Soccer by the numbers: Soccernomics book review

soccernomicsOver the past decade or so, there has been an odd trend of political and financial analysts, economists and behaviorists writing books analyzing sports.  Some of these books have shifted the paradigm in those sports like Michael Lewis’ baseball analysis Moneyball.  Some of these books found very creative ways to portray obvious truisms (the more you practice, the better you get) like Malcolm Gladwell’s Outliers.  Some of these books looked like great ways for the author to write off the opportunity to travel the world watching sports, like Franklin Foer’s How Soccer Explains the World.  And some of these books were so unbearable, like George Will’s baseball book Men at Work, that reading it aloud has been declared as torture under the Geneva Convention.

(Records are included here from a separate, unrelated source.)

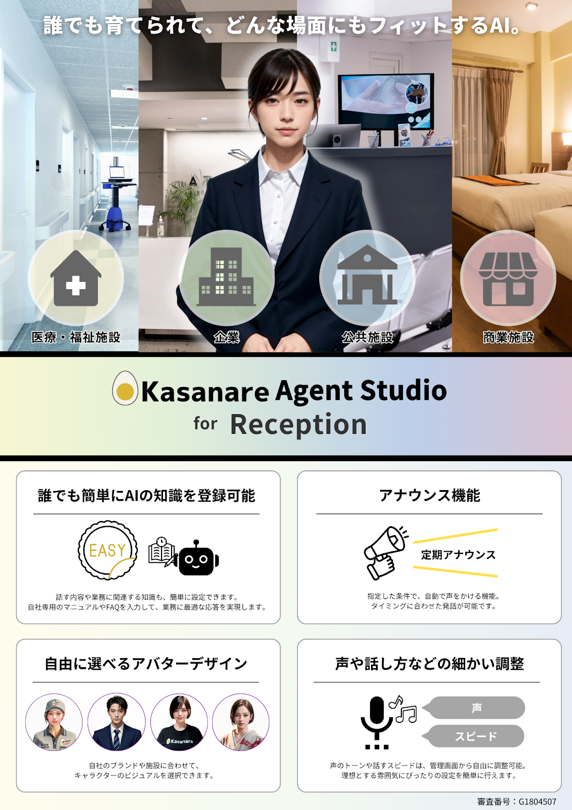 誰でも簡単にAIの知識を登録可能。様々なシチュエーションに合わせ、「現場でDX」が可能な生成AI×アバター。受付、接客、アナウンス等、あらゆる場面にフィットするAIです。
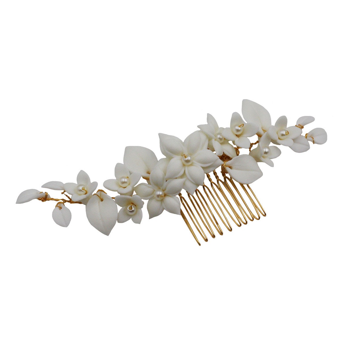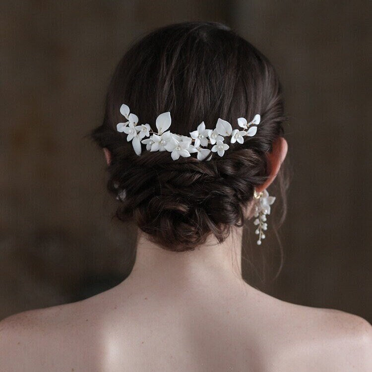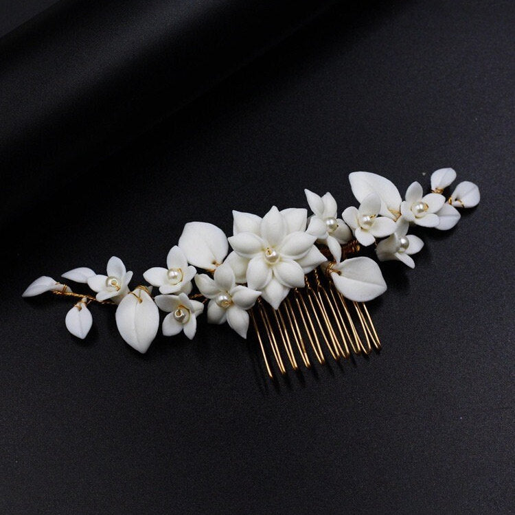 Ein herrlich romantischer, handgeformter Brauthaarkamm aus Porzellan. Hergestellt aus einem Arrangement aus individuell gefertigten Blumen und zierlichen Perlen. Dieser volle und strukturierte Haarkamm setzt ein Statement und fühlt sich dennoch unglaublich feminin an.
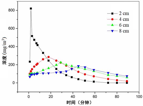 乙醇作為吸附物。截面風速設定為0.3m/s。飽和吸附濃度為200mg/m3。脈沖時間為2分鐘。脈沖倍數為20倍。通氣方式為正壓通氣。不同高度出口濃度隨時間變化曲線如圖4所示。
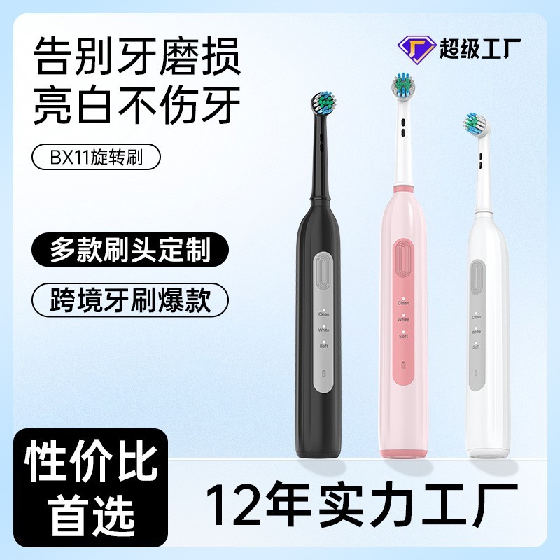 深圳市宝丽洁科技有限公司发布的跨境外贸套装OEM定制旋转电动牙刷头 长续航杜邦清洁金属轴圆头刷图集库

Simon Kuper and Stefan Syzmanski have entered this fray with Soccernomics, which was published in the UK under the much more compelling title Why England Lose.  Kuper is an anthropologist who has written several books about soccer and Syzmanski is an economics professor, and they have teamed up to use economic data and statistics to unearth new perspectives about an old game.

This is a hard task.  Of all the sports in the world, soccer is the most stat averse, and gives Kuper and Syzmanski a much more barren field to till than Lewis had when he wrote Moneyball.  It is only in the most recent years that people have bothered to track statistics about the game itself, and those stats are rarely made available for the public.  Over the past decade, a few consultancy firms have emerged to statistically categorize what happens during a game, and those firms sell their data to the major clubs.  Statistics about successful pass completion, miles run, ground covered, quality attempts on goal and other forms of analysis are hard to come by for the average soccer fan.

This is a shame because there are many age-old soccer debates which stats could help resolve, but those numbers are rarely tracked, available and deeply analyzed.  Which makes a bigger contribution to success, a great back line or terrific strikers?  Is it better to have your wingers play more forward or support the defense?  If you want to lower the quantity of goals your team gives up, is it better to invest in a great goal keeper, a great central defender or a great holding mid-fielder?

Soccer does not provide the data to provide insights to such basic questions, so Kuper and Syzmanski often have to look at issues that are more peripheral to the game.  Their analysis of why England won the World Cup in 1966 (home field advantage) and have not gotten close since (because so few English players play for non-English clubs) is compelling.  Similarly, their theory on why capital cities rarely produce Champions League winners, while not entirely convincing, is very intriguing.  Their most compelling analysis may be their look at how a few executives (Brian Clough, Arsene Wenger, Lyons’s Bernard Lacombe) bring a calculated analysis to their player selections to get extraordinary results.